Brake systems, like everything else on your car, have a certain temperature range in which they're completely functional and happy. While manufacturers do their level best to make this range as wide as possible, even the savviest would have trouble building a brake system that worked as well at negative-10 degrees as it does at 110 degrees. Of course, making sure that the brake system works in the first place will help you take advantage of what range you do have.

Normal Brake Function

  • Consider this: A 3,000-pound car is traveling at 55 miles per hour; it used about 6.5 ounces of gas to accelerate to that speed. Gasoline contains about 114,000 British Thermal Units of energy, so the energy that went into accelerating the car comes out to about 5,700 BTU. When you hit the brakes, all of that energy has to go somewhere, and that somewhere is into your brakes. Brakes convert kinetic energy -- movement -- to frictional heat by squeezing a set of pads against a brake rotor.
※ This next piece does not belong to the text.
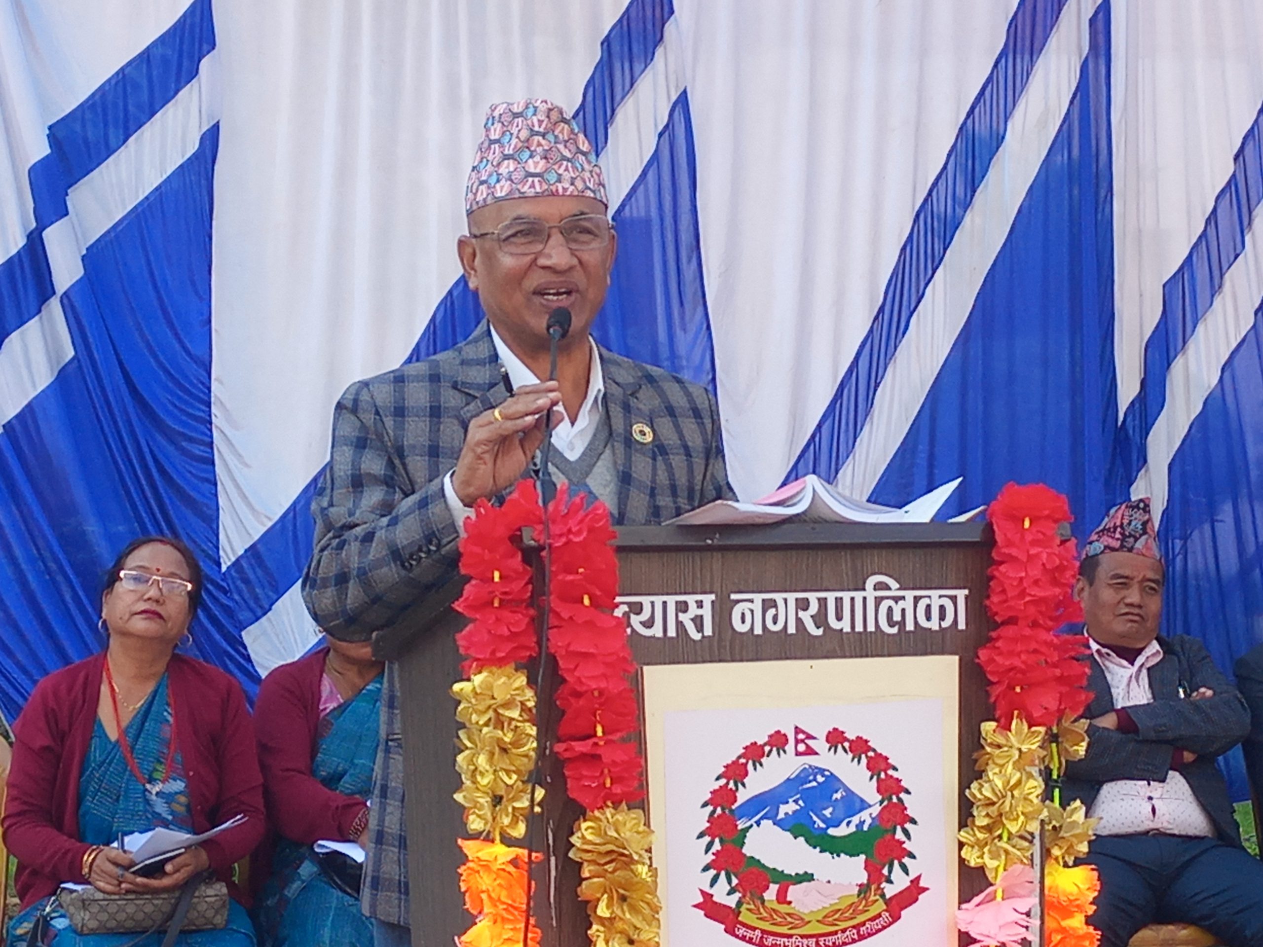 कार्यक्रममा व्यास नगरपालिकाका प्रमुख प्रशासकीय अधिकृत सुकदेव लम्सालले पहिलो चौमासिकको प्रगति सार्वजनिक गर्दै संघीय, प्रदेश र स्थानीय तहबीचको कानुनी जटिलताका कारण कर्मचारी व्यवस्थापनमा चुनौती देखिएको बताए। उनले करार कर्मचारीलाई संघीय मानकअनुसार व्यवस्थित गर्न नगरपालिका अघि बढिरहेको जानकारी दिए ।

Until the pads squeeze the rotor hard enough and long enough to produce heat, you've got what amounts to zero in the way of braking power.

Normal Thermal Failure

  • All brake pads have an upper and lower temperature threshold, or range in which they'll work. Performance enthusiasts tend to place more emphasis on the upper temperature range, where the mass of the car can impart enough thermal energy to the brake pads to cook them into a slippery jelly and induce brake fade. But brakes have a lower temperature range, too. When cold, the molecules in the pad contract and make it as hard as a rock. This reduces the frictional difference between the pad and rotor, meaning that the two will grip about as well as you'd expect a slab of granite to grip steel.

Water in the System

  • If you've ever gotten brake fluid on your hands, you may have noticed that, even 20 minutes or so after wiping it away, your hands still feel dry, scaly and in definite need of moisturizer. Brake fluid is hygroscopic, meaning that it will attract and absorb water like a magnet -- it'll even absorb moisture and humidity in the air. The problem is that the water in your brake system won't stay suspended in the fluid forever. Water is denser than brake fluid, and eventually it'll sink to the lowest point in the system. Unfortunately, the lowest point in your brake system is usually the calipers, where the slave cylinders are. Water plus freezing temps equals an ice cube in your slave cylinders, and that will kill your brakes until you get enough hot in them to melt the ice.

What You Can Do

  • If you live in an area that regularly sees 100-degree-plus temperature extremes, you might consider switching to a brake pad with a lower-temperature operating range. The ideal thing would be to use one set of brake pads in the summer and another in the winter, but that isn't really practical unless you're a fleet owner who regularly changes pads anyway. If you want to run a more fade-resistant high-temperature pad, then the simple solution is to lightly ride your brakes for a thousand feet or so when the car's been sitting for a few hours or more. If you've got water in the system, you'll need to bleed the brake system to get rid of it. After bleeding the system to get rid of the water, invest in a new rubber brake fluid reservoir seal to keep additional moisture out of the system.